The annealing device 10 further comprises a heat source for heating the heating zone 30a of each of the one or more tubes 30. Exemplary heat sources include, but are not limited to, a source of a heated gas 70a in fluid communication with the heating zone 30a, one or more heaters 70b positioned in the heating chamber 21a adjacent the heating zone 30a, and/or a heating rod 70c positioned within a portion of the passageway 32 corresponding to the heating zone 30a. In certain embodiments, the heat source is a source of heated gas 70a, such as a heater operable to heat a gas, thereby producing the heated gas 70a. The annealing device 10 may further comprise a coolant 80 (e.g., a cooled gas or fluid) in fluid communication with the cooling zone 30c of the tube 30.

With reference to FIGS. 1 and 3, the annealing device 10 may include one or more baffles 90. Each baffle 90 includes one or more apertures 92, each aperture 92 is positioned and cooperatively dimensioned to receive a tube 30. Advantageously, the baffle 90 has an outer diameter ODB that is substantially the same as the inner diameter IDs of the shell 20, such that the baffle 90 fits tightly within the shell 20. In certain embodiments, when each aperture 92 receives a tube 30, the baffle 90 functions as a gas-tight, or substantially gas-tight, divider in the shell 20. In the exemplary embodiment of FIG. 1, the annealing device 10 includes four baffles 90a, 90b, 90c, and 90d. The first baffle 90a and the upper portion 27 of the shell together define the upper chamber 27a. The first and second baffles 90a and 90b together with the shell 20 define a heating chamber 21a. The second and third baffles 90b and 90c together with the shell 20 define a residence chamber 21b. The third and fourth baffles 90c and 90d together with the shell 20 define a cooling chamber 21c.

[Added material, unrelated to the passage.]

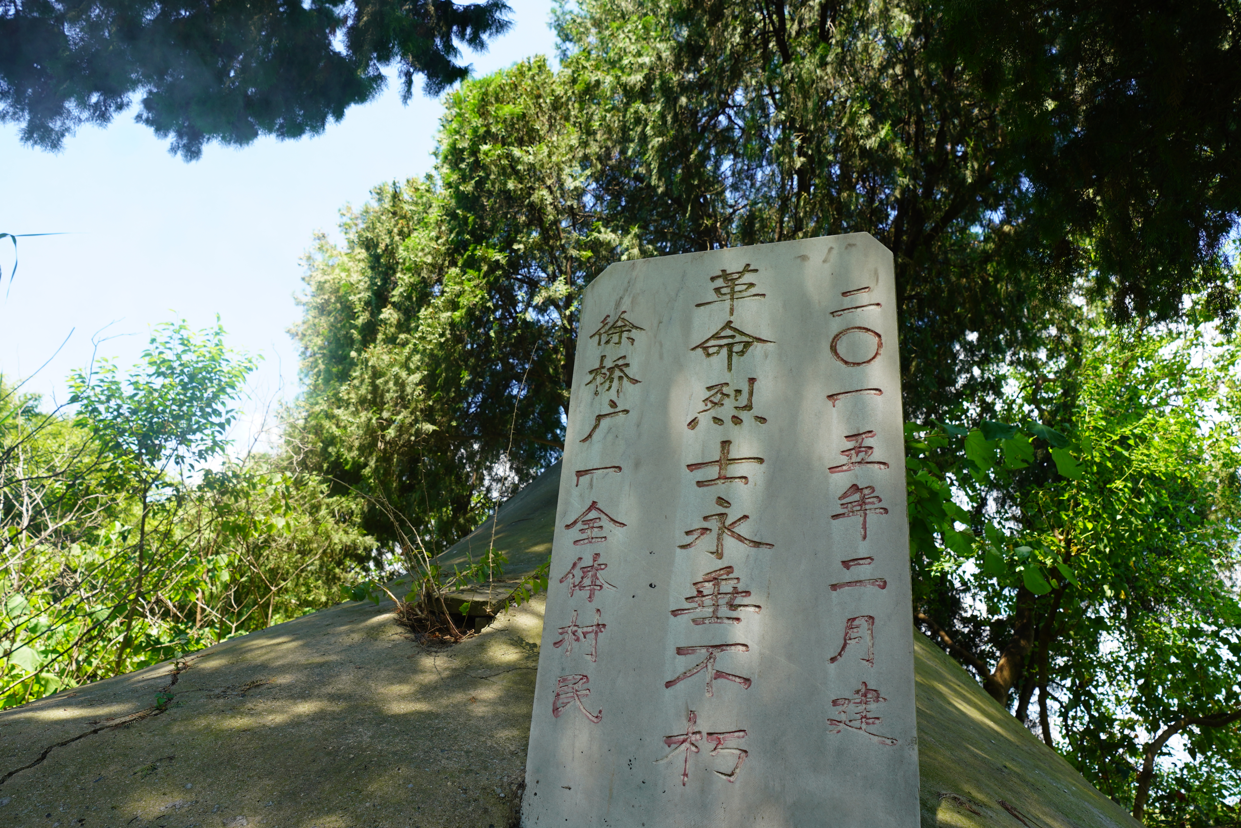 风吹雨淋,土墓不易维护。2015年,村民们挨家挨户捐款、找企业赞助,筹集了5000多元。有钱的出钱,有力的出力。合葬墓周围的一圈松柏,是老百姓亲手种下。原先的土墓用水泥浇筑加固,上面是村民手工刻着的一个小五角星,还铺了水泥路、水泥台阶。朱建成擦拭着墓旁的石碑,碑上刻字拙朴有力:“革命烈士永垂不朽 徐桥广一全体村民 二〇一五年二月建”。

The fourth baffle 90d and the lower portion 22 of the shell together define the lower chamber 22a.

In some embodiments, a heated gas 70a and a coolant 80 comprising an unheated gas (e.g., at a temperature not greater than 30 °C) flow alongside the outer surface 31a of heating zone 30a and the outer surface 31c of lower cooling zone 30c of each tube 30, respectively. In the exemplary embodiment of FIG. 1, a gas circulation system 100 flows heated gas 70a along an outer surface 3 la of the heating zone 30a and flows unheated gas 80 along an outer surface 3 lc of the cooling zone 30c of each tube 30.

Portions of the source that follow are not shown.